The eviction of the Pond campers or “residents”, as Earth First would have it (the Post Office delivered mail to a hand crafted box on the fence), began at first light on the 24th in accordance with due process of law. The two week old Republic of Newtonia had a short but intensely busy and harmonious life, forging links with the community, keeping children off the streets, entertaining visitors and staying warm and well fed. We were supported by many gifts of food and equipment, and complimented by the local police for our responsible behaviour. (If only the powers that be were as well behaved as the protesters – Ed.) Dr. Allen, MSP Director, described us as “marauder and invaders”. The shock waves from the protest caused a level of embarrassment, to the bureaucrats, not previously experienced by Manchester. Did our mascot, Issac the giant newt, also have a claw in the collapse of Global Forum?
By 3 pm that day, the protest was over and observers were waiting for the tanker to return from St. George’s Park where the “alternative pond” had been given refuge at the eleventh hour. Two loads of 5000 gallons had been pumped out (did anything survive this experience?), but this had made little impression on the Abbey Pond. The object of the exercise, in terms of the stated procedure for discharge of the planning condition, was to expose the vital sludge layer containing virtually all the aquatic life, insulated from the sub-zero temperatures by the volume of water above. Abbey pond contained an estimated 30,000 + gallons. We were told the half size “replica” would need 15 to 20 thousand gallons, allowing for seepage. Clearly another day (Friday) would be needed to dispose of the remaining water and retrieve and transfer the sludge. Manchester Wildlife had written to Hulme Regeneration suggesting that at least half of the material should be taken to a safe and more suitable destination in the Mersey Valley. This letter, like others, remained unanswered.

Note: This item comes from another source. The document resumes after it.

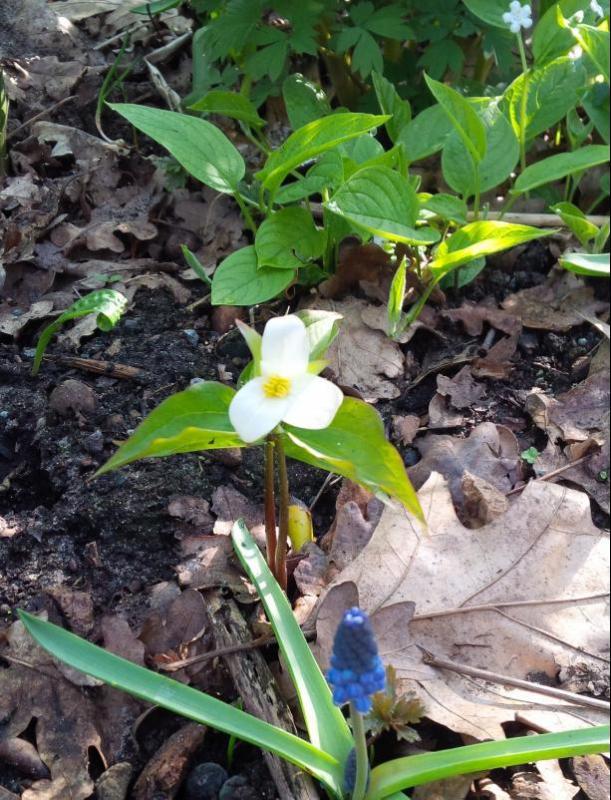 Beneidenswert. Das kleine Blatt links am Bildrand, hinter dem Trillium das beinahe vom Muscari erschlagen worden wäre ;D, ist alles was hier an White Beauty wächst.

We had also commissioned an independent appraisal of the entire mitigation process from a respected ecologist who sent a damning report to the City Planning Officer and also discovered that the “retained” ecologist (hapless fellow, evidently impaled on the horns of a professional dilemma), had not been fully informed of the planning condition about translocating the pond and “was quite taken aback by it”. No wonder; it was by then the 9th of February and, as we know, the pond was to be drained on the 11th! Even more to the point, the new pond hadn’t been started and wasn’t ready to receive so much as a bucketful until the 23rd! Where do you keep a pond for a fortnight?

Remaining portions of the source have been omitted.